Chapter 12
LIAM
Peyton is quiet as the driver opens her door. She climbs out, craning her neck to take in the full scope of the house—the modern lines, the walls of glass, the way the structure seems to hover above the hillside.
I brace for the usual reaction. The one I get from investors, dates, or the occasional distant relative angling for a loan. They look at the house and see dollar signs, success, a man who has his shit together.

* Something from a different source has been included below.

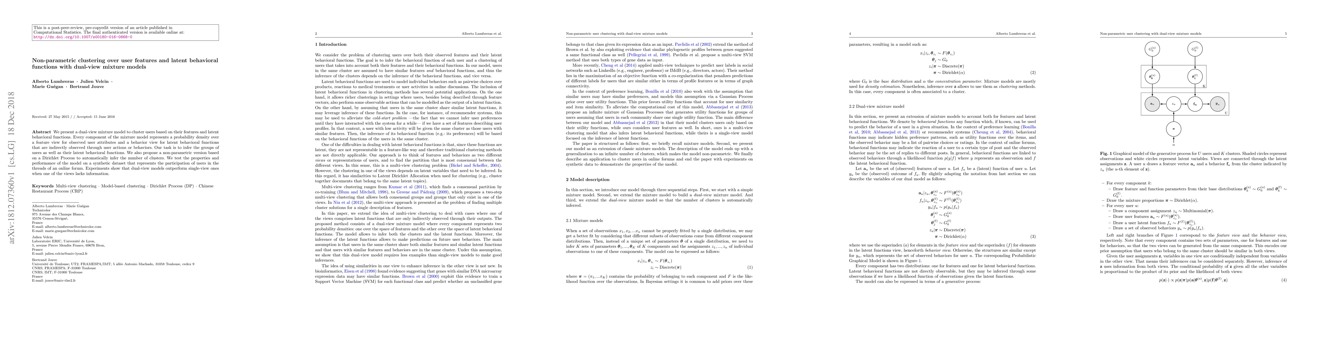 We present a dual-view mixture model to cluster users based on their features and latent behavioral functions. Every component of the mixture model represents a probability density over a feature view for observed user attributes and a behavior view for latent behavioral functions that are indirectly observed through user actions or behaviors. Our task is to infer the groups of users as well as their latent behavioral functions. We also propose a non-parametric version based on a Dirichlet Process to automatically infer the number of clusters. We test the properties and performance of the model on a synthetic dataset that represents the participation of users in the threads of an online forum. Experiments show that dual-view models outperform single-view ones when one of the views lacks information.

Peyton stares at it differently. She tilts her head, and her expression isn’t impressed or calculating. It’s closer to… concerned.
I dismiss the driver and lead her inside.
I thought I had the situation handled, that I could flip a switch, treat this like a merger acquisition, and breeze through the next three years. But seeing Peyton standing in the middle of my living room, dwarfed by the soaring space, shows me how that plan is full of leaks.
She looks small against the expanse of glass, a splash of chaos in a house designed for monochrome minimalism.
It’s strange. It’s wrong. And yet, a vibration hums in my chest, like a plucked guitar string, that suggests she fits right in to the negative space I’ve been ignoring for years. As if the house has been waiting for someone to fill it, and now she’s here, the emptiness becomes difficult to ignore.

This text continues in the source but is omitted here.